Но критика в высшем смысле слова этой логики предпочтительно направлена на одну из ранних систем. Начиная с йенского периода, Гегель признал необходимым явное обсуждение философии рефлексии. Это обсуждение, первоначально проводившееся в специальных трактатах, уже перетекло в систематическую форму в «Феноменологии». Теперь оно проникает в логику, которая по своей сути была ориентирована на «Критику чистого разума». Опровергающее суждение кантианства пронизывает «Науку логики» от одного конца до другого. Оно относится к Канту так же, как первый крупный трактат Канта относился к Вольфу и Юму. Гегель видит в Канте, как Кант видел в Юме, своего предшественника; по его мнению, большая заслуга критики разума в том, что она обратила внимание на имманентную диалектическую природу разума. Однако по этой самой причине истинная критика разума может состоять только в самокритике разума. Опасность и ошибка заключаются не в том, что разум становится трансцендентальным, а в том, что он робко отходит от своего собственного содержания и фиксирует себя в трансцендентальных отношениях. Критику чистого разума нужно лишь довести до конца. Тогда ее негативный результат превращается в позитивный: критика разума трансформируется в систему разума.
И далее. Подобно спору с критикой, наука логики также имеет в своей основе спор с философией романтизма. По сути, она есть не что иное, как систематизация этих споров. Только она придает антиромантическому манифесту в предисловии к «Феноменологии» полное значение научного акта. То, чего феноменология достигает только благодаря своей методологической форме, она достигает благодаря самой материи, поскольку полностью поглощена обоснованием этой формы. Прошло то время, говорится в предисловии к «Логике», когда речь шла прежде всего о приобретении и утверждении нового философского принципа в его неразвитой интенсивности: отныне речь идет о развитии этого принципа в науку. К науке: и именно логика описывается как квинтэссенция и conditio sine qua non [основная предпосылка – wp] всей научной работы. Это именно чистая репрезентация метода, презираемого и игнорируемого романтической философией. Если в «Феноменологии» уже было отдано должное этой научности, то это было сделано для того, чтобы в конце вернуться к точке зрения Шеллинга. В логике эта точка зрения является отправной точкой для того, чтобы на этом пути создать содержание, о котором система тождества не имеет ни малейшего представления. Напротив, эта система с ее отсутствием метода и хозяйством, основанным исключительно на займах и кредитах, с ее грубым и лысым формализмом, благородной поверхностностью и остроумным безмыслием, подвергается нападкам по всем пунктам. Воздушные фигуры философии Шеллинга меркнут перед резко очерченными положениями этой логики. Более того, сам ее принцип остается позади на полпути, как преодоленный и прочно закрепившийся в подчиненной области мира мысли. Шеллинг так и не достиг того места, где эта логика применима. Но именно в этой логике Гегель обычно ищет суть своей и всей истинной философии.

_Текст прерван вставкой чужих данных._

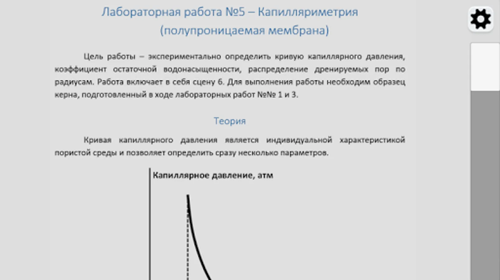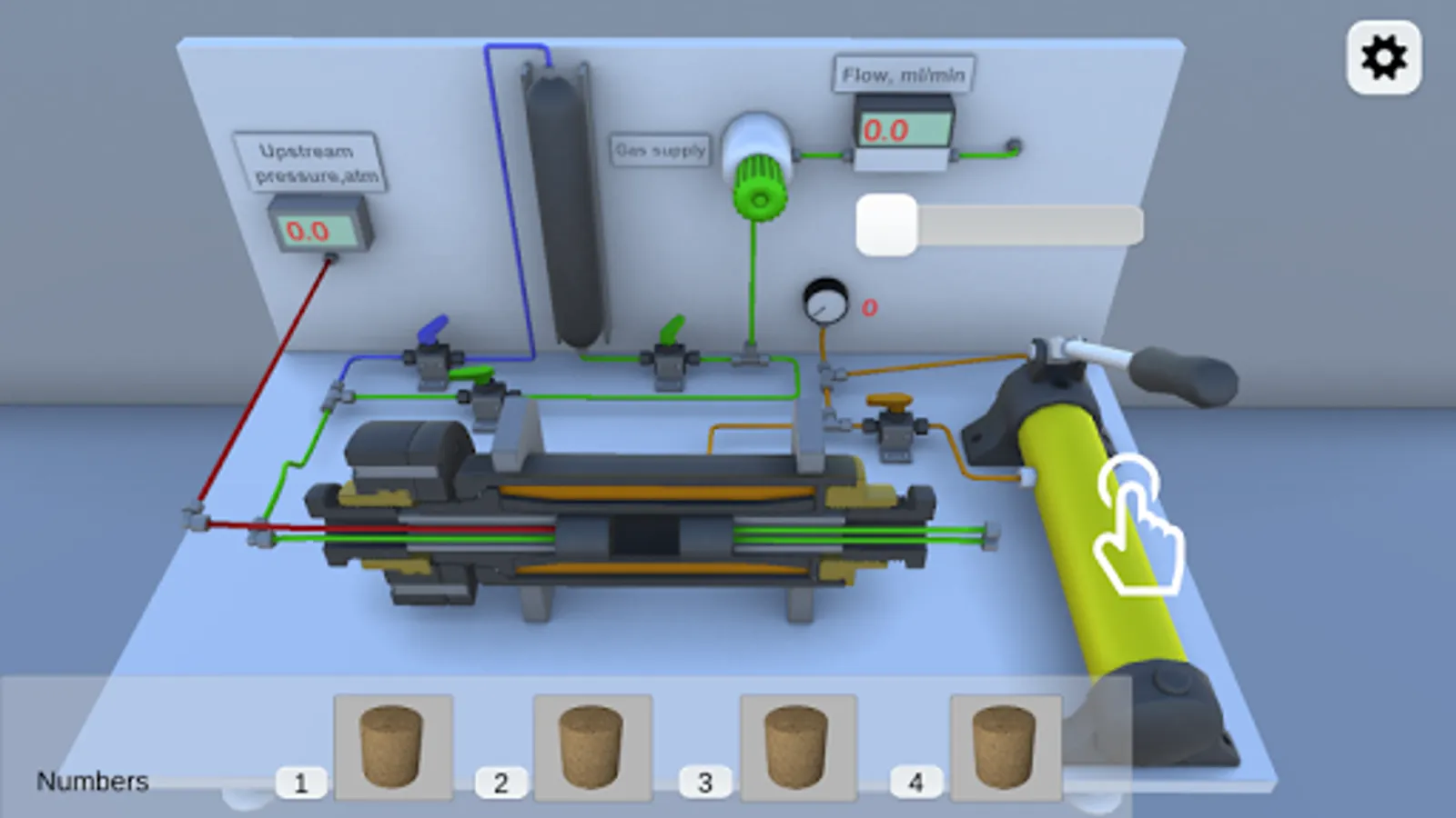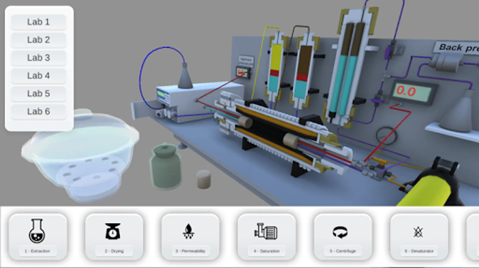 This application is intended for educational familiarization with laboratory research of core of oil and gas wells. The user is invited to take measurements on various laboratory instruments imitating the operation of real installations in a semi-game form. The user receives a core sample with previously unknown properties that need to be determined. Moving from one level-scene to another, the user conducts experiments as a laboratory assistant in a real petrophysical laboratory.

Наконец, этот сильный акцент, который логическое произведение делает на предмете, которым занимается, связан с новым представлением о задаче всякого философского изложения и новым чувством литературной формы. Гегель лишь с трудом научился излагать свои мысли так, чтобы они были понятны другим. Феноменология», названная «Первой частью системы», должна была вызвать опасения, будет ли то, что она должна была представить, хоть сколько-нибудь доступно. Согласно первоначальному замыслу, три последующие и оригинальные части целого должны были быть представлены под названием «Вторая часть»: Логика, Философия природы и Философия разума должны были быть опубликованы вместе. Если бы этот план был реализован без паузы, было бы невозможно дать «Логике» ту тщательную и скрупулезную обработку, которую она получила сейчас. Нам пришлось бы читать всю философию Гегеля как вторую часть «Феноменологии», на языке, столь же громоздком и напряженном, как тот, что характерен для этой работы.